The research was scoped but not started before I left.

Reflection / What I'd do differently

The biggest lesson was that the program design matters less than the recurring evangelism around it. The submission workflow and prize tiers were the artifact people pointed to, but the actual engine was the monthly town-hall reminders, the standing-meeting callouts, and the steady drip of "here's what your peers shipped this month." Without that, the program would have been a beautifully-designed empty box.

If I were doing it again, I'd start with the quarterly cadence from day one rather than learning it through a failed monthly voting model. The data would have led me there sooner if I'd pressure-tested the audience's attention budget before launch instead of after.

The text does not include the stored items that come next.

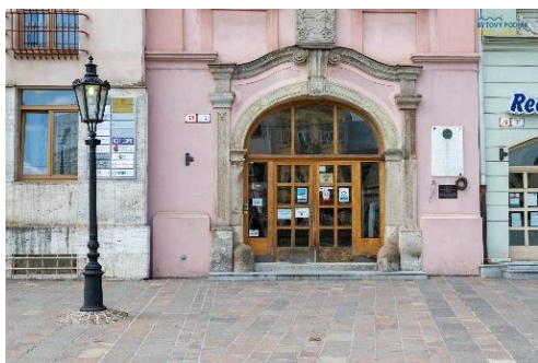
m.č. 004 a 005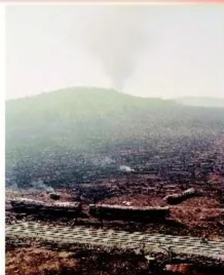
Местонахождение склепа в долине вулкана Мезма.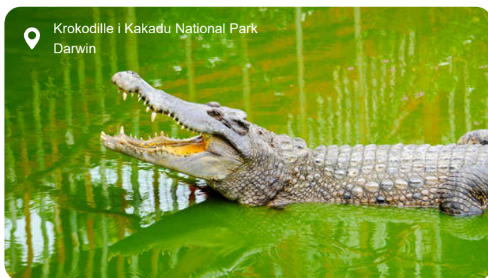
Krokodille i Kakadu National Park Darwin

Tæt på ækvator og alligevel umiskendeligt australsk ligger Darwin som en tropisk og afslappet by, hvor regnskov, mangrover og røde klipper møder moderne caféer og markeder med smag af Asien. Her er himlen høj og lyset skarpt, og i parkerne høres kakaduer og cikader i fælleskoncert. Byens historie bærer på både drama og modstandskraft: Først ødelagt af japanske bomber under Anden Verdenskrig og senere af cyklonen Tracy i 1974. I dag rejser Darwin sig som et levende bevis på overlevelse og nytænkning. I museerne kan du fordybe dig i krigshistorien, i aboriginernes rige kultur og i stormens hærgen, mens havnefronten indbyder til afslapning blandt skulpturer, saltvandspools og udsigt til Timorhavet. En udflugt til det nærliggende Kakadu-område giver et sjældent indblik i Australiens vilde natur - her lever krokodiller, wallabies og et rigt fugleliv mellem kløfter, vådområder og ældgamle klippemalerier. Også Litchfield National Park ligger inden for rækkevidde og lokker med imponerende vandfald, naturlige badehuller og de karakteristiske termitboer, der står som skulpturer i landskabet. Alt i alt en blanding af rå natur og menneskelig udholdenhed, hvor varme, vildskab og venlighed går hånd i hånd.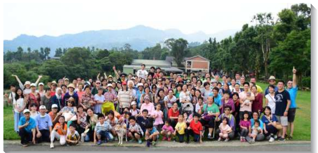
▲聖徒們與福音朋友出外喜樂相調

神的心意是要我們以基督為人位並活祂，我們鼓勵區區都要有事奉核心，好拿起餵養、牧養的職責。力求聖徒人人有屬靈同伴，天天有晨興，週週有屬於自己的小排生活，無論是親子排、青少年排、大專排、青職排、社區排、長青排，讓聖徒個個都有屬靈的家，有屬靈同伴，實際在生活中經歷基督一切的豐富。（鍾幸玲）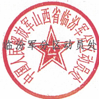
临汾军分区动员处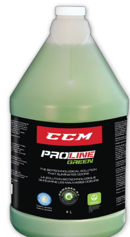
4 L No d'article 10053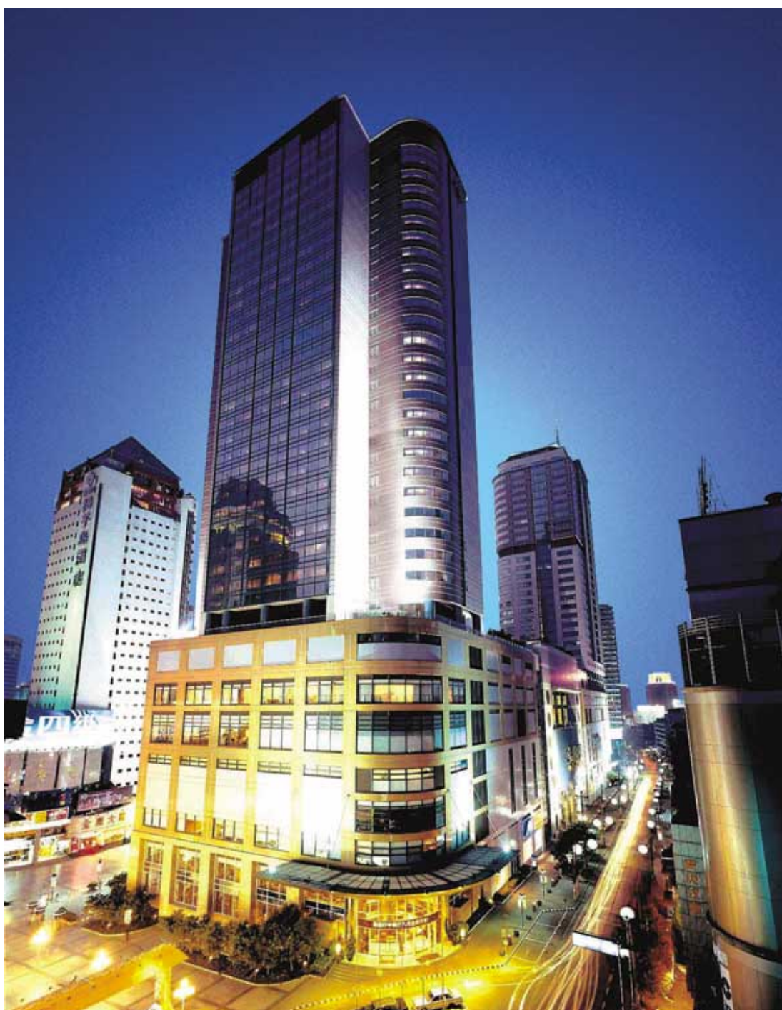
重慶大都會廣場內有大型購物商場、甲級辦公樓及五星級酒店。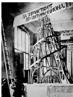
В) Здание Московского университета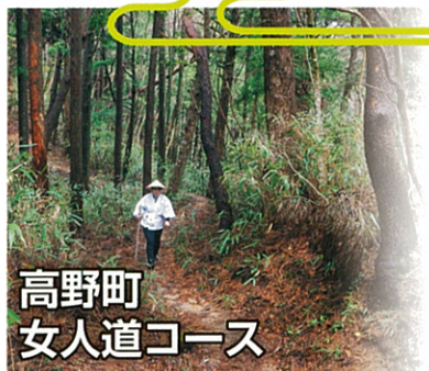
高野町 女人道コース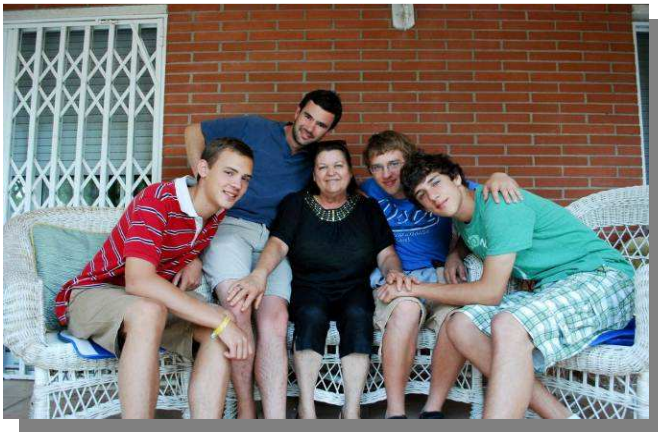
« 'Gus' et ses amis entourant 'la Mama' ».

Quand on me demande ce que j'ai fait pendant les vacances, je réponds fièrement : « j'ai été au JMJ à Madrid ». Les autres automatiquement me disent : « ce n'est pas le truc avec le pape ça ? ». Déçu de ce raccourci vite fait, je ne peux m'empêcher d'en dire plus. Car en effet, les JMJ, c'est très loin d'être simplement un rassemblement autour du pape. Personnellement, je ne l'ai vu qu'une fois, après certes 4h d'attente, ainsi que lors de la messe papale où je ne le voyais que sur grand écran, et où l'on était plus préoccupé par l'orage que par la messe en soi. Ça fait donc peu de matériel pour raconter la réelle immensité des JMJ.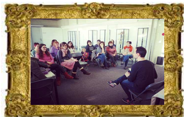
Taller “L’Art d’Explicar Contes”. Biblioteca de La Seu d’Urgell, Novembre(2016)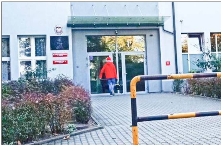
W ZS nr 2 w Dębicy edukacji zdrowotnej uczyć się będzie 13 uczniów.

Dębica może pochwalić się najwyższym odsetkiem uczniów, którzy zdecydowali się na EZ. Przedmiot ten wybrało 665 osób spośród 2383. Nie jest to może imponująca liczba, ale stanowi 27,9% tych, którzy mogliby uczyć się tego przedmiotu. Najwięcej chętnych było w SP nr 2 (61 uczniów – 49,6%), następnie: SP 12 (55 – 41,4%), SP nr 11 (107 – 34,3%), SP nr 6 (53 – 32,3%), SP nr 5 (183 – 32,2%), SP nr 10 (73 – 29,7%), SP nr 4 (50 – 24,9%), SP nr 8 (15 – 17%), SP nr 9 (57 – 15%). Najwięcej osób zrezygnowało z EZ w SP nr 3. Tam

I'd also build in a path from internal submission → external content earlier. The submissions were rich raw material for blog posts, conference talks, and customer demos, but the handoff from "we showed it internally" to "we shipped it externally" was a manual lift. A built-in publishing track would have multiplied the program's value.

The most useful thing I learned about motivation: the participants weren't motivated by money — they were motivated by recognition from leadership. A larger budget might have moved the needle if the program had grown into something org-wide, but inside Cloud Advocacy the strongest pull was knowing that leadership was watching, would call out the win in a town hall, and would point to it as the example of what good looked like. That changed how I'd design the incentive structure for any future internal program — start with the recognition surface and the leadership endorsement, not the prize budget.